* _WHAT IS EXPECTED_
Output all of the lines below exactly, and leave out each image.

* _INFORMATION SUPPLIED_
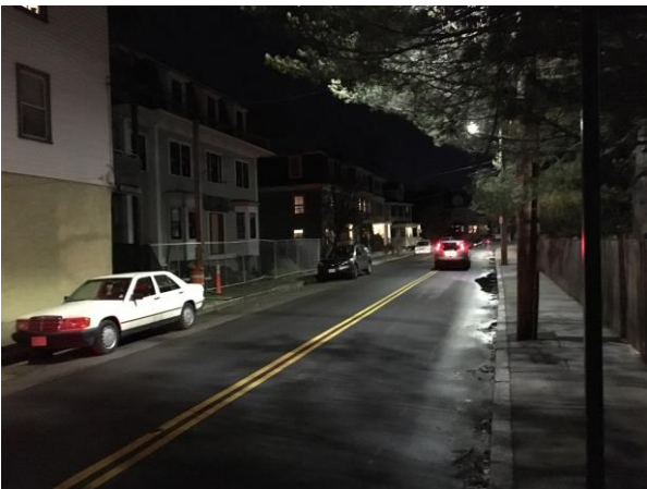
Willard Street when our lights are off
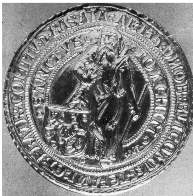
Figure 6. A silver taler: the figure on the coin is St. Joachim [8]

were Rijksdaalders, in Denmark Rigsdaler, in Italy Tallero, in Poland Talar, in France Jocandale, in Russia Jefimok (Figure 6). Until the discovery of the extensive silver deposits in Mexico and Latin America, the mint with the largest output of silver coins remained St. Joachimstal.
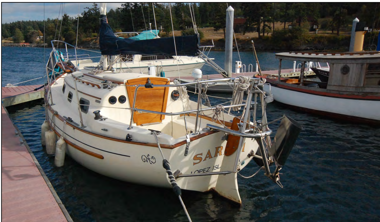
One of the newer Flickas, s/y SARNIA is equipped with a Monitor Windvane.

* _TASK OUTPUT_
Willard Street when our lights are off
Figure 6. A silver taler: the figure on the coin is St. Joachim [8]

were Rijksdaalders, in Denmark Rigsdaler, in Italy Tallero, in Poland Talar, in France Jocandale, in Russia Jefimok (Figure 6). Until the discovery of the extensive silver deposits in Mexico and Latin America, the mint with the largest output of silver coins remained St. Joachimstal.
One of the newer Flickas, s/y SARNIA is equipped with a Monitor Windvane.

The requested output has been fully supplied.